Beschlüsse, mit denen die Prozesskostenhilfe versagt wird, erlangen keine materielle Rechtskraft und schließen einen neuerlichen Antrag nicht aus (BVerfG, Beschluss vom 15.05.2007 – 1 BvR 2347/05 -, WM 2007, 1170). Das Rechtsschutzbedürfnis für eine – an sich zulässige – Wiederholung eines Prozesskostenhilfeantrages kann nur dann verneint werden, wenn das Recht zur wiederholten Stellung eines Antrages missbraucht wird.

Der Antrag, der Klägerin für das Beschwerdeverfahren Prozesskostenhilfe zu bewilligen, wird abgelehnt.

Gründe

Die Beschwerde der Klägerin ist nach § 172 Abs. 1, 3 Sozialgerichtsgesetz (SGG) statthaft.

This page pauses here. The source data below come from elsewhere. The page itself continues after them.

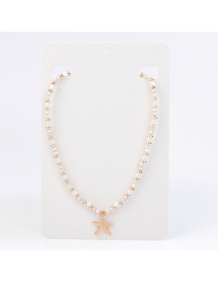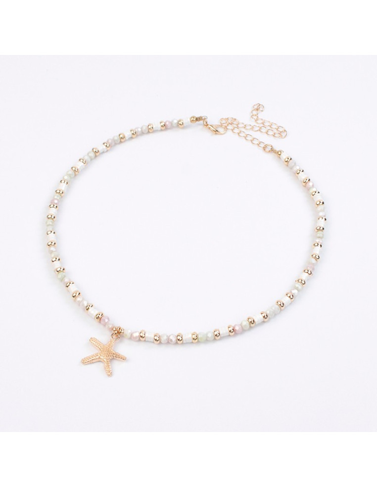 Collar flexible de rocas de cristal, combinado con fimo perdolado, piezas pasantes de CCB y dije exclusivo de fundición con forma de estrella de mar.
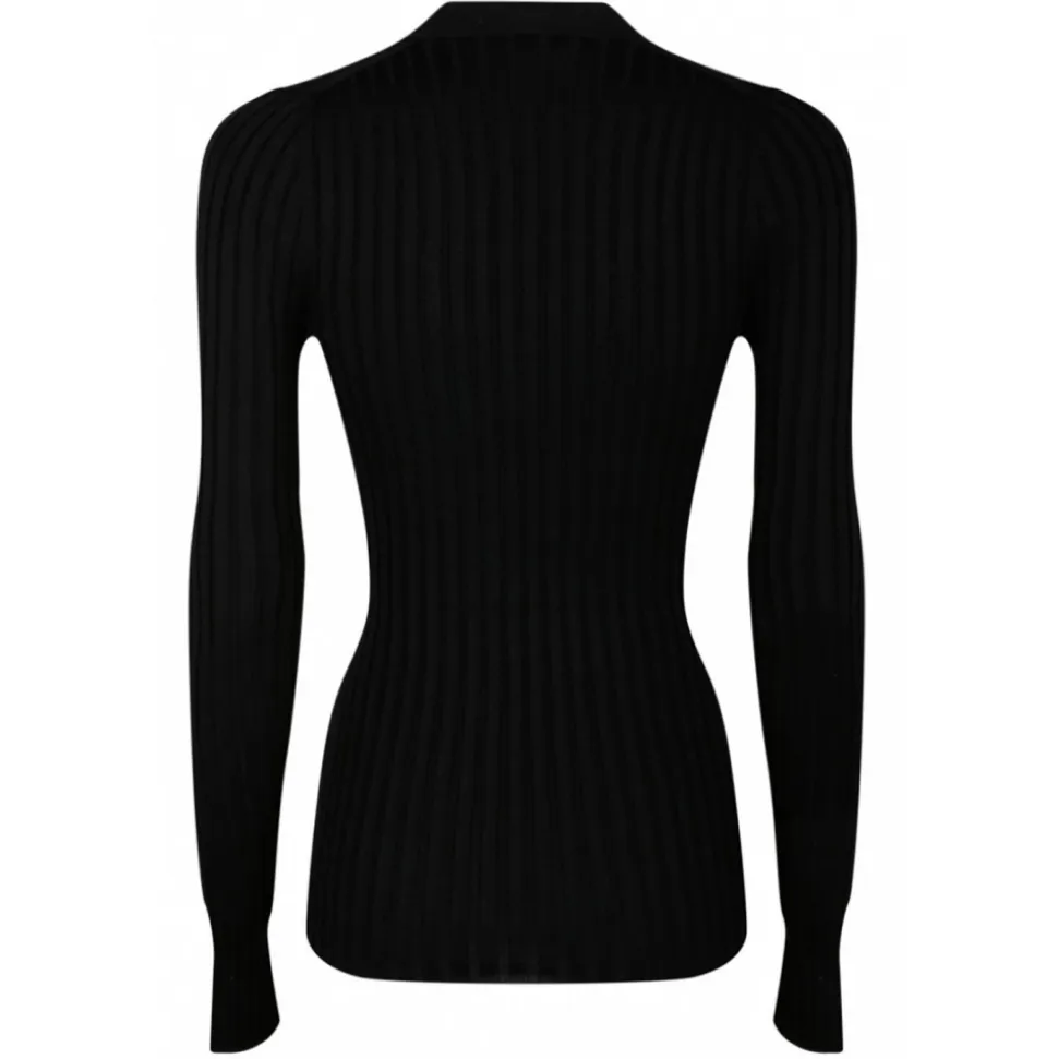 Dolce & Gabbana Black Wool Sweater. Black wool flat rib sweater, V neck with small buttons, long sleeves, slim fit.
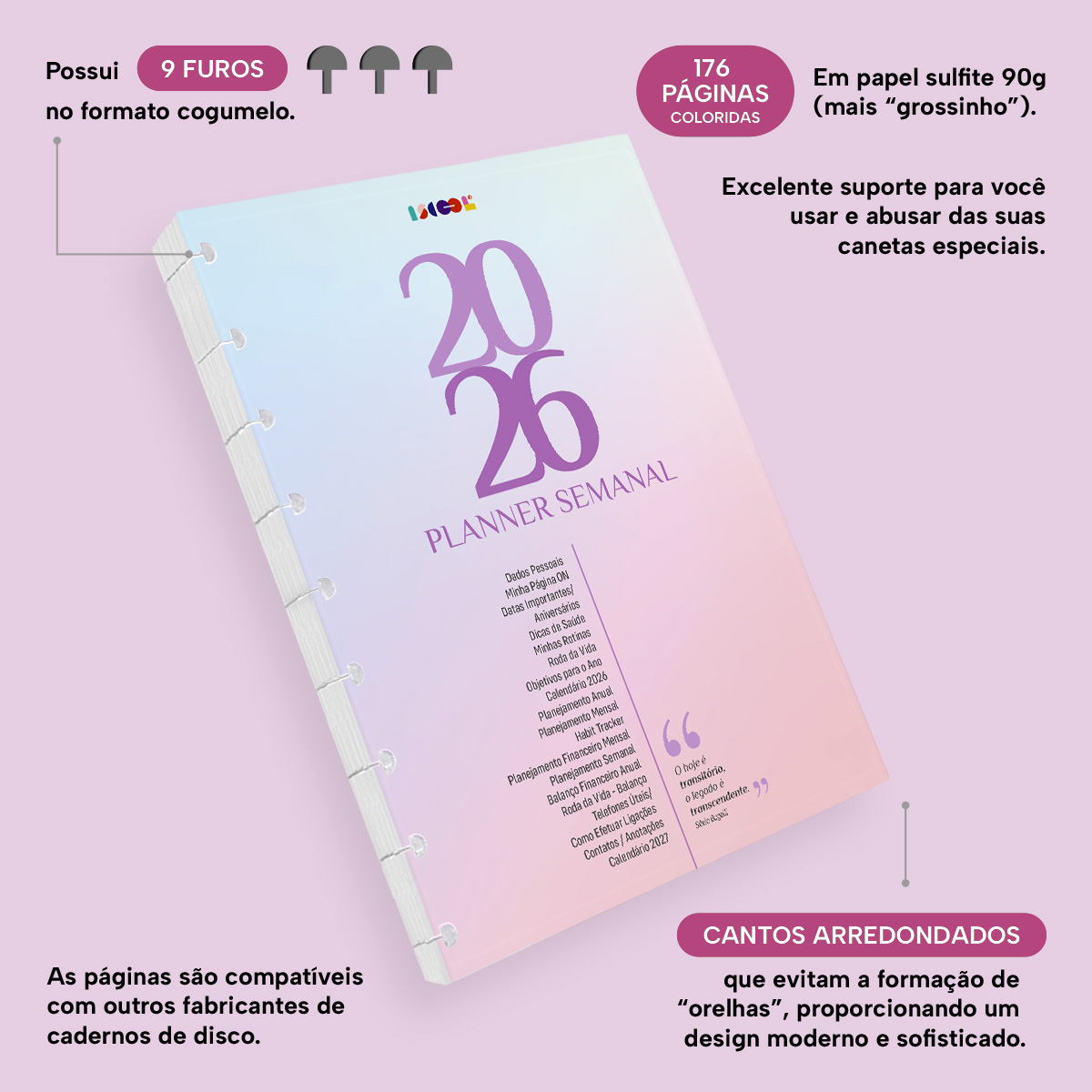 Com o nosso refil ISCOOL DISC Planner Datado 2026, você garante novas páginas para utilizar seu planner sempre que precisar, deixando-o novinho em folha!
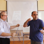 En lo que él llamaba “cacharrear con experimentos”, y siempre con materiales caseros, mostró cómo “yo puedo sacar mi coche del agua pero tú tienes que llamar a la grúa”, mientras multiplicaba, mediante las leyes de la polea, su propia fuerza frente a la de los alumnos, “muchos más cachas que yo. Y puedo con dos”. Hacer el vacío para conservar alimentos sin una bomba de vacío cara ni bolsas especiales sino con un recipiente lleno de agua, bolas de congelados y las leyes de Pascal, partir cuerdas sin cuchillos gracias al rozamiento y encender fuego sin cerillas mediante a una pila eléctrica, hilo de hierro y papel higiénico, “ese gran amigo”, fueron algunos de los experimentos que Javier Fernández Panadero llevó a cabo.
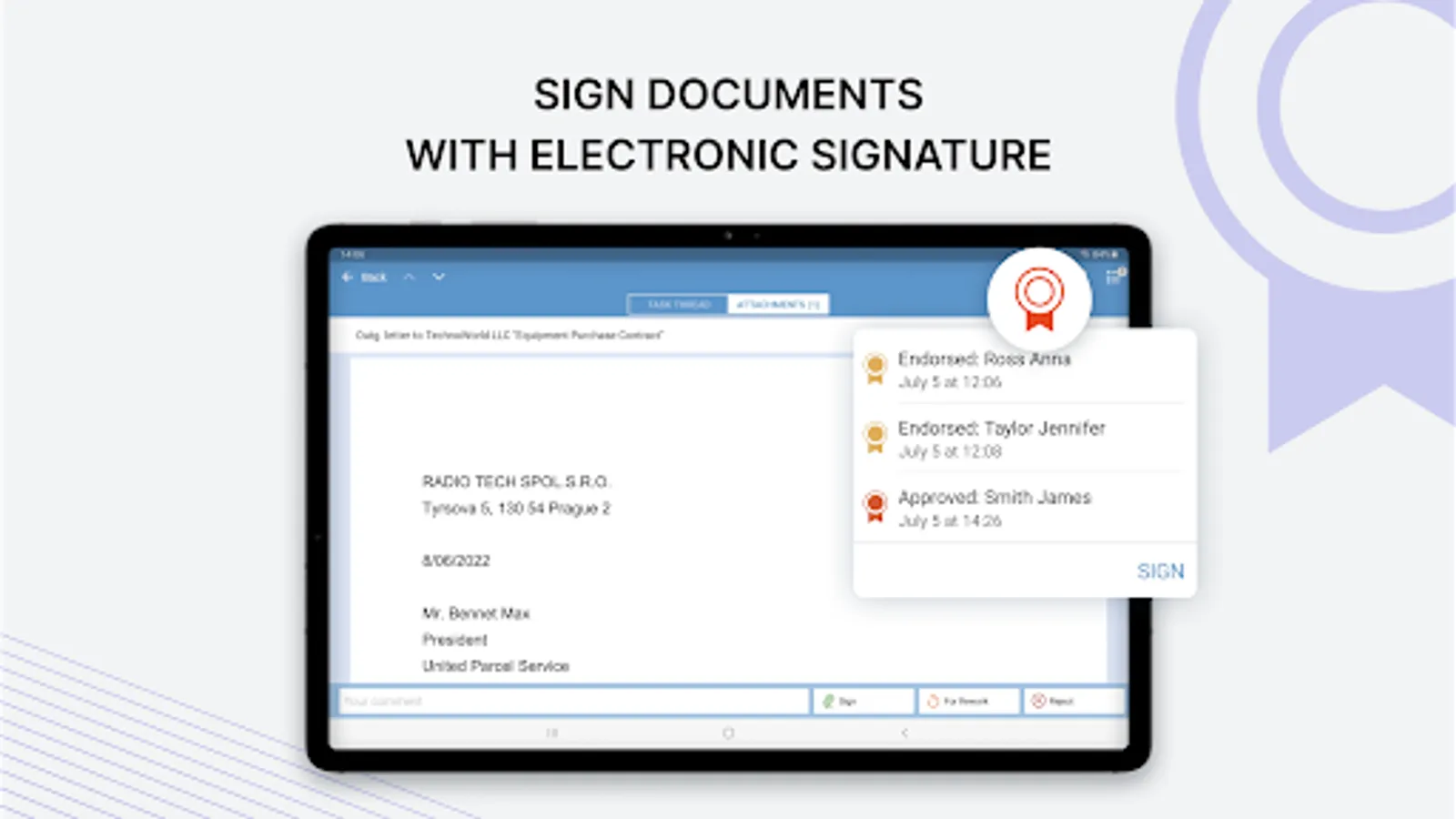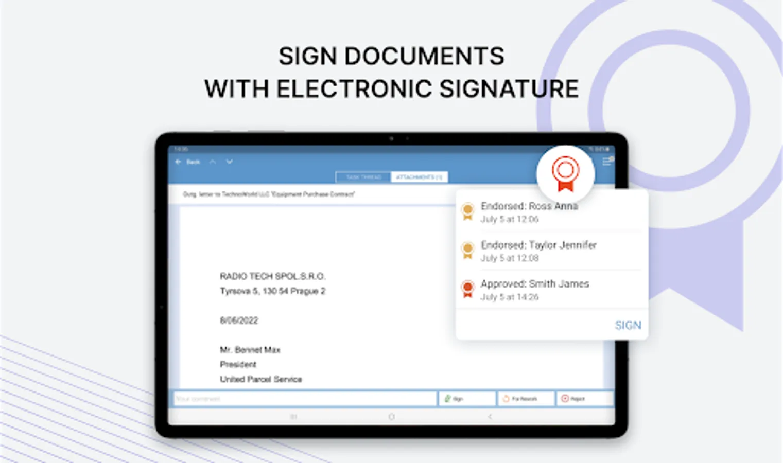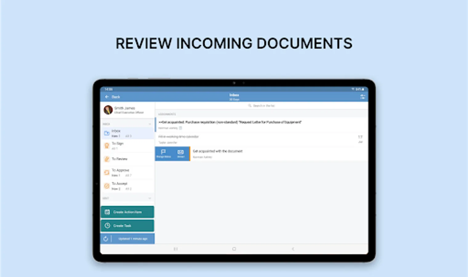 An important advantage is that the app features are available even without an Internet connection (offline). You can read, review, approve, and sign documents, create and execute action items, assignments, or jobs. Your changes will be automatically synchronized once you get network access.
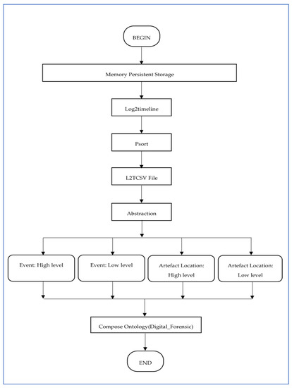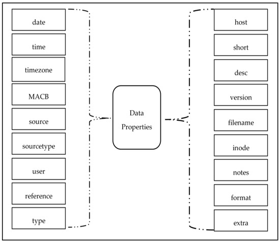 In this section, the first methodology for reconstruction of the timeline in digital forensics [26] is discussed. This approach is based on the outcome of the digital forensics command based tools, i.e., Log2timeline and Psort. The Log2timeline tool was used to generate timeline from a disk image file or other sources of data in the .plaso file format, which was sorted out and converted into a familiar format file format such as CSV by Psort in the form of L2TCSV format, i.e., Log2timeline Comma Separated Values. The L2TCSV file contained 17 distinct fields which provided vital and detailed information related to various activities performed by the user on the typical device in the form of a timeline of events and artifacts. So, these fields were defined as data properties in the novel ontology, as shown in Figure 2. The abstraction-based approach used one of the properties of an object-oriented programming language called abstraction, which also follows the definition of symmetry in software. This approach split the timeline into four distinct levels of abstraction, i.e., events: high level, events: low level, artifact location: high level, and artifact location: low level. The concept/objective behind the four levels of abstraction was to follow a specific structure for all sources at each level to compose a uniform and relevant timeline. The specific structure imposed the correctness of the timeline and contained only information that was useful to recognize and interpret actions performed by users by analyzing distinct sources and fields. At the time of timeline reconstruction, numerous new terminologies or concepts were encountered. For this, a novel ontology for digital forensics was developed.
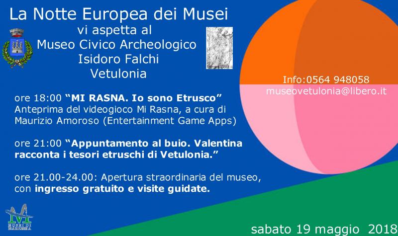 -ore 21:00 “Appuntamento al buio. Valentina racconta i tesori etruschi di Vetulonia.” Valentina Murru (Unione Italiana Ciechi Grosseto) condurrà i partecipanti in un viaggio sensoriale alla scoperta di alcuni capolavori del Museo. Il pubblico non vedente o bendato vivrà un'esperienza unica: Valentina infatti presenterà i principali temi della cultura etrusca (simposio, toilette, religione), toccando gli oggetti, originali o copie, e raccontandoli ai presenti, che saranno guidati nella loro scoperta con un approccio diverso, focalizzato sull'esperienza tattile.
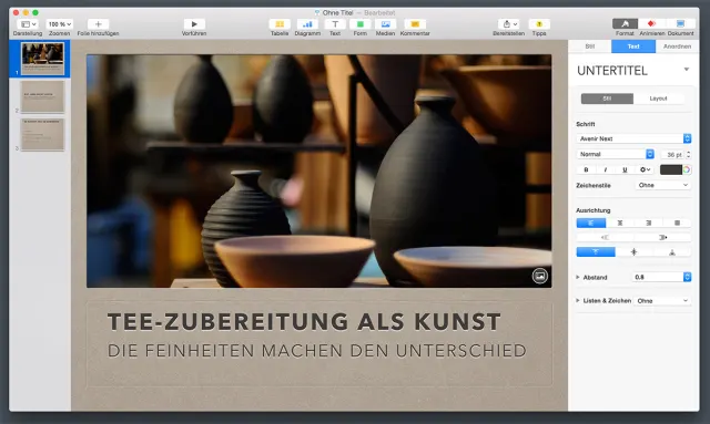 Keynote. Die Präsentationssoftware Keynote ist das Mittel der Wahl, um die Zuschauer zum Staunen zu bringen. Dabei helfen nicht nur die vielen Vorlagen, sondern auch die aufwendigen, aber stilsicheren Effekte und Animationen.
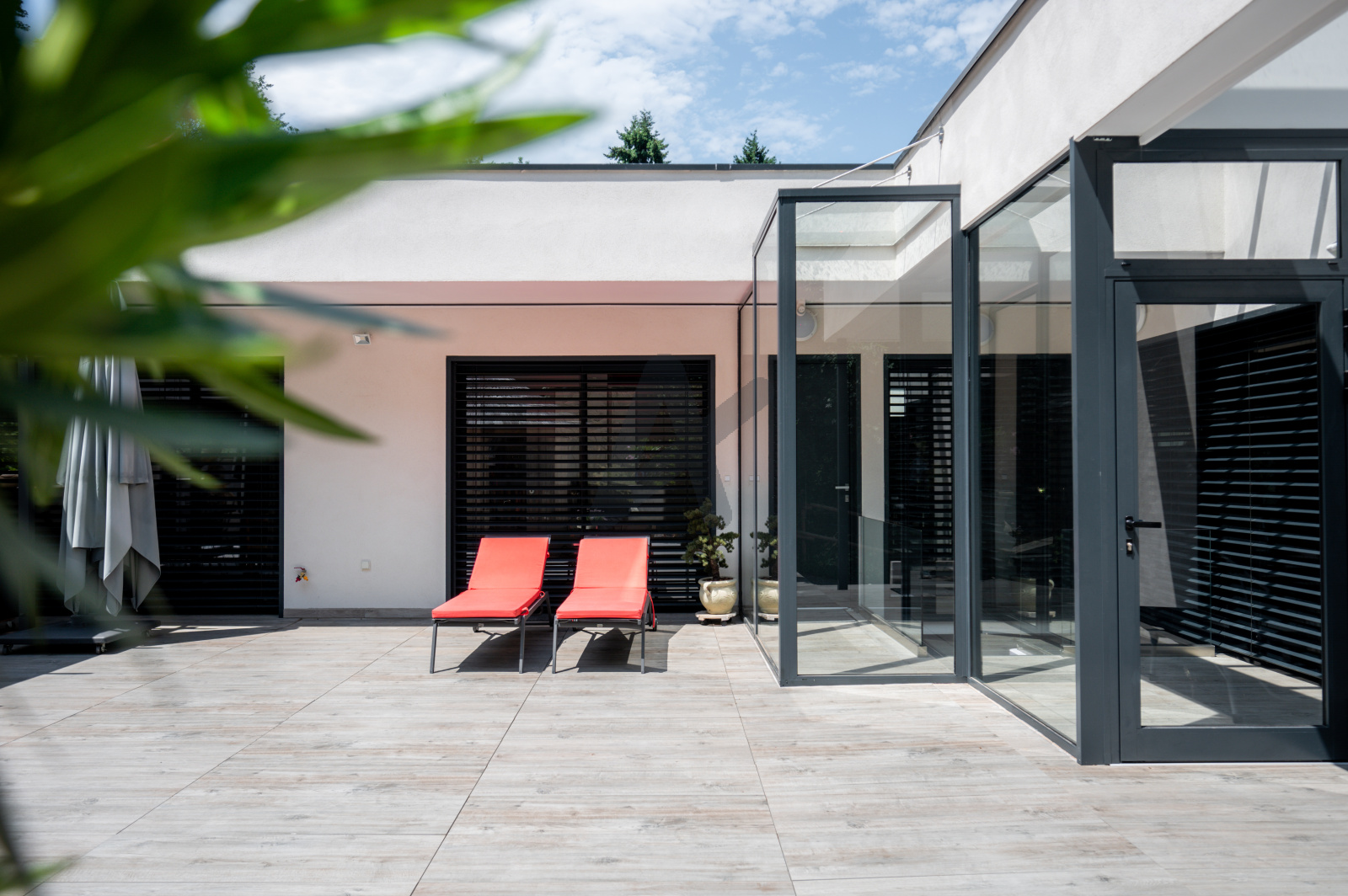 Située à proximité immédiate du charmant village de Charbonnières-les-Bains, cette magnifique maison contemporaine de 180 m² sur un terrain de 2500 m², construite en 2018, vous offre un cadre de vie exceptionnel, alliant modernité et confort. Lumineuse et fonctionnelle, cette propriété dispose d’une vaste pièce de vie (80m2) ouverte avec cuisine américaine entièrement équipée, d'un deuxième salon coin TV, d'une suite parentale, d'une chambre supplémentaire avec salle d'eau et toilette, ainsi qu’un studio indépendant de 35m2 avec salle d’eau et WC, idéal pour accueillir des invités ou créer un espace de travail privé. De grandes baies vitrées, accompagnées d’un système de BSO (Brise-Soleil Orientable), apportent une luminosité optimale tout au long de la journée tout en régulant la chaleur et l’intimité. La maison comprend également un garage double qui vient compléter l’ensemble, offrant tout le confort nécessaire pour vos véhicules et vos équipements. Sa localisation est un véritable atout : à seulement 10 minutes du centre de Lyon grâce au tram-train, vous bénéficiez d’un accès rapide à la ville et aux écoles tout en profitant du calme et de la nature environnante.

Das Sozialgericht Stuttgart (SG) hat nicht die persönlichen und wirtschaftlichen Voraussetzungen für die Prozesskostenhilfe verneint, sondern die wiederholte Antragstellung als unzulässig angesehen. Die Beschwerde wurde auch form- und fristgerecht (§ 173 SGG) eingelegt. Sie ist daher zulässig, hat in der Sache aber keinen Erfolg. Denn das SG hat im Ergebnis die erneut beantragte Prozesskostenhilfe für die Klägerin zu Recht versagt.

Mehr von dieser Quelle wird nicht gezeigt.